EXERCISE OBJECTIVE: Leave out pictures; repeat exactly the lines from the "회색 스트라이프가 매력적인" line through the last of the data below.

+===+

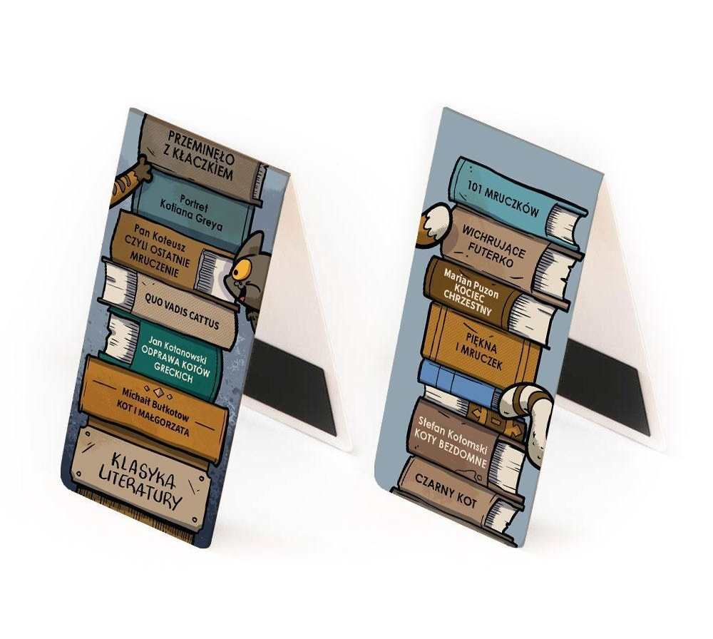 Zanurz się w świat literackich przygód z naszą zakładką magnetyczną 'Kocie Bestsellery'! Idealna dla wszystkich kochających czytać i przytulać koty! Zaokrąglone rogi, papier kreda 350 g, folia zabezpieczająca błysk, folia magnetyczna na kawałku zakładki
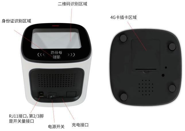 4操作說(shuō)明 1.打開(kāi)電源開(kāi)關(guān),設(shè)備會(huì)自動(dòng)連接網(wǎng)絡(luò),連接成功后將語(yǔ)音提示網(wǎng)絡(luò)已連接成功。 ⒉健康碼驗(yàn)證通行,將健康碼置于掃描窗口上方約5-10cm位置,掃碼成功后會(huì)有語(yǔ)音提示,分別為(掃碼成功-綠碼-請(qǐng)通行,掃碼成功-黃碼-禁止通行,掃碼成功-紅碼-禁止通行)。 3.身份證驗(yàn)證通行,將身份證置于“請(qǐng)刷身份證”位置即可識(shí)讀健康碼數(shù)據(jù),識(shí)讀成功后會(huì)有語(yǔ)音提示,分別為(綠碼-請(qǐng)通行,黃碼-禁止通行,紅碼-禁止通行)。 4.電量不足時(shí)請(qǐng)及時(shí)充電,以保證設(shè)備正常使用。5.網(wǎng)絡(luò)連接續(xù)費(fèi)請(qǐng)聯(lián)系生產(chǎn)廠(chǎng)家提供續(xù)費(fèi)資料。
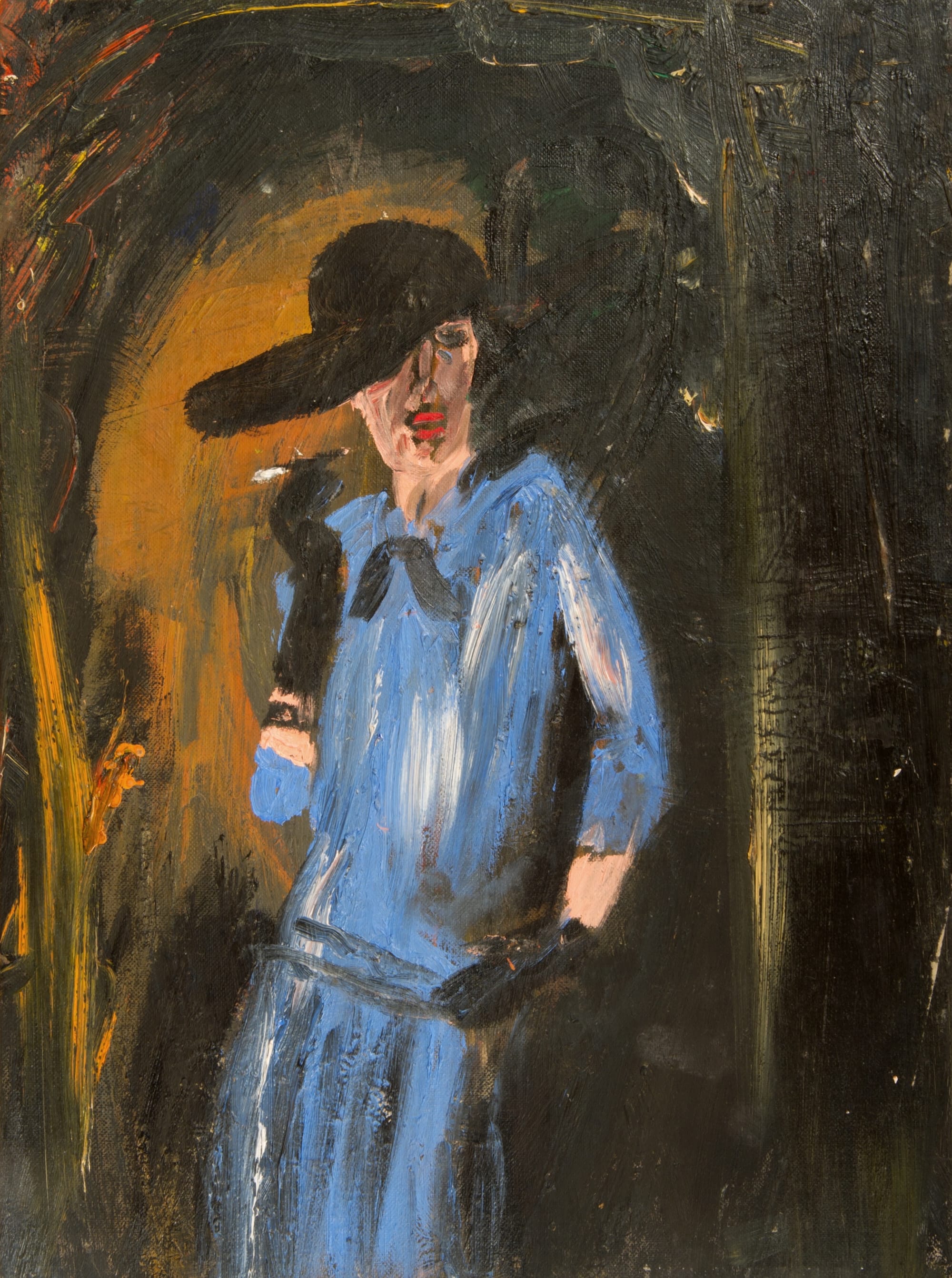 The beauty of these two paintings is that, while we can discern the subject — he in his hat, she in her sleek blue dress — the context in which these figures exist remains blurred in the same way as the echo of a sentence in a Kerouac book or a story told the morning after a long night of cross-country driving. As Francesco Tedeschi states in a catalogue essay: “What emerges from his art is a picture of a personality based on dynamism, on the immediate expression of his way of being and feeling, and on a proud hunger for and love of life.” It’s precisely the personality that emanates from the canvas.
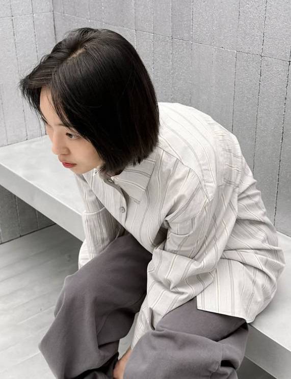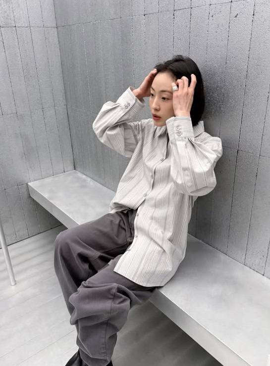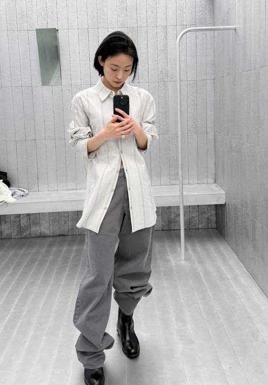 회색 스트라이프가 매력적인 셔츠를 반만 잠가 허리의 핏을 살렸어요. 여유롭게 떨어져 엉덩이를 가리는 것도 포인트.
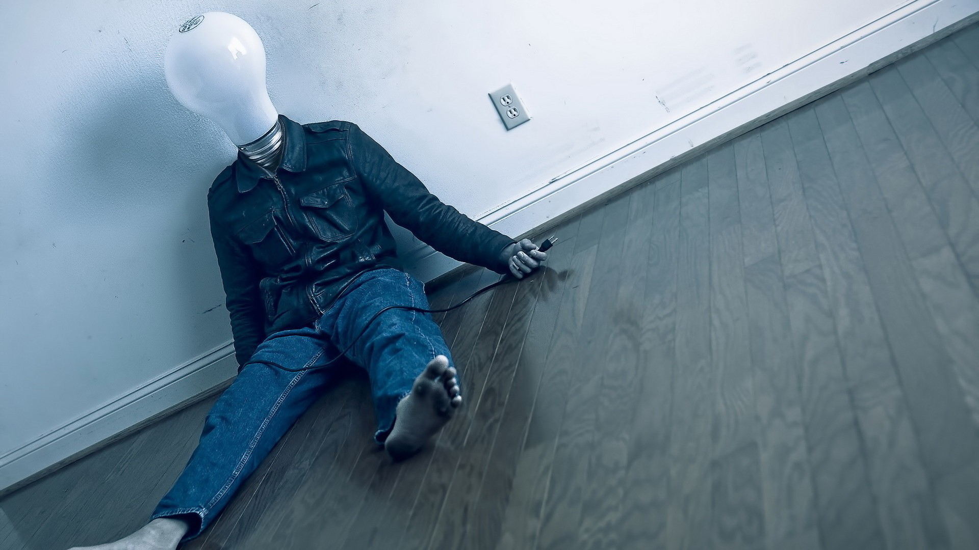 Description: A person laying on the floor with a lamp on their head and a light bulb on their head.
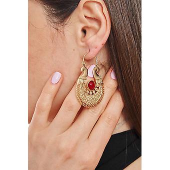 ZeyDor Gold Burgundy Stone Bohemian Earrings 2095
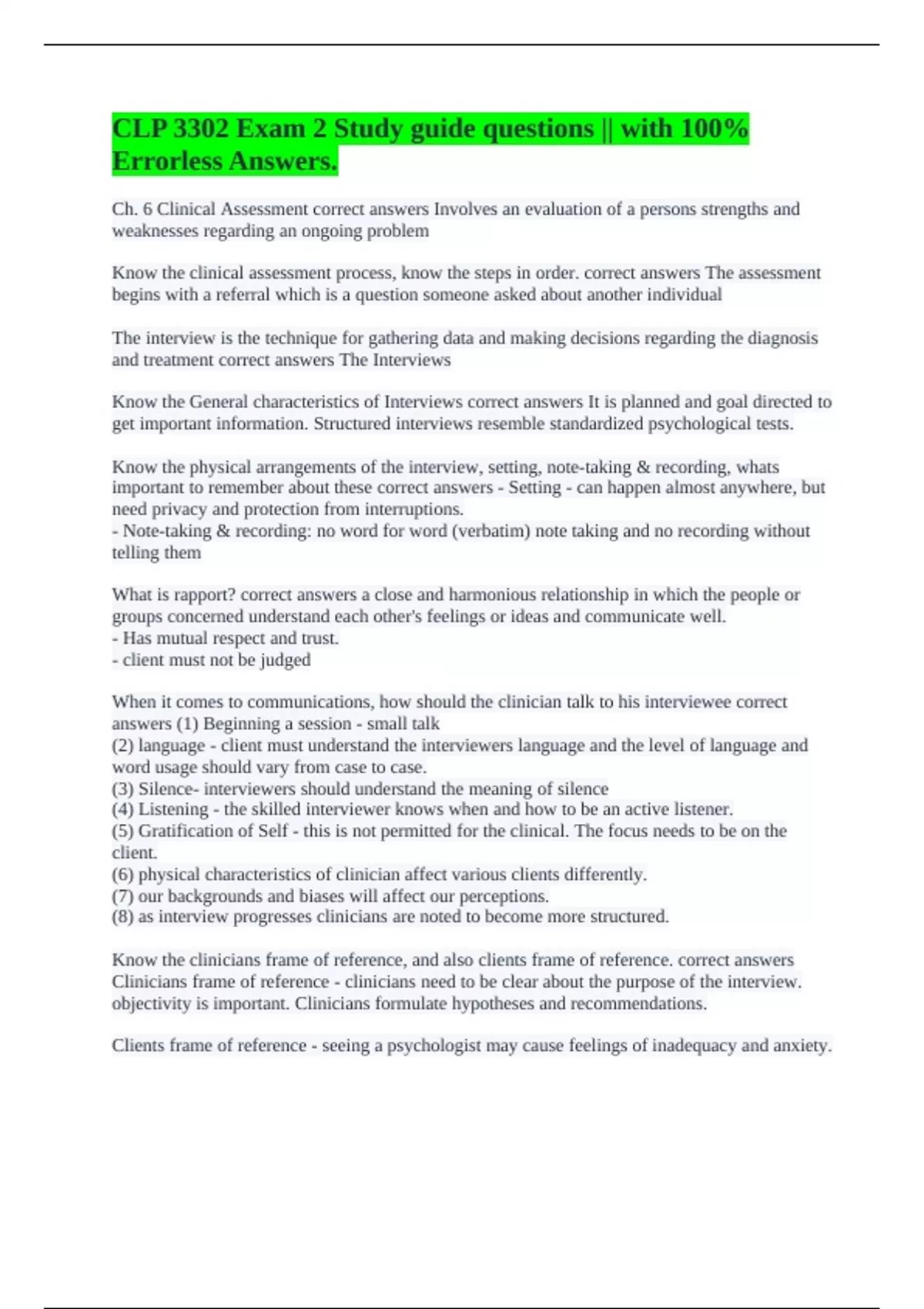Ch. 6 Clinical Assessment correct answers Involves an evaluation of a persons strengths and

+===+

OUTPUT FOR THIS TASK:
 회색 스트라이프가 매력적인 셔츠를 반만 잠가 허리의 핏을 살렸어요. 여유롭게 떨어져 엉덩이를 가리는 것도 포인트.
 Description: A person laying on the floor with a lamp on their head and a light bulb on their head.
 ZeyDor Gold Burgundy Stone Bohemian Earrings 2095
Ch. 6 Clinical Assessment correct answers Involves an evaluation of a persons strengths and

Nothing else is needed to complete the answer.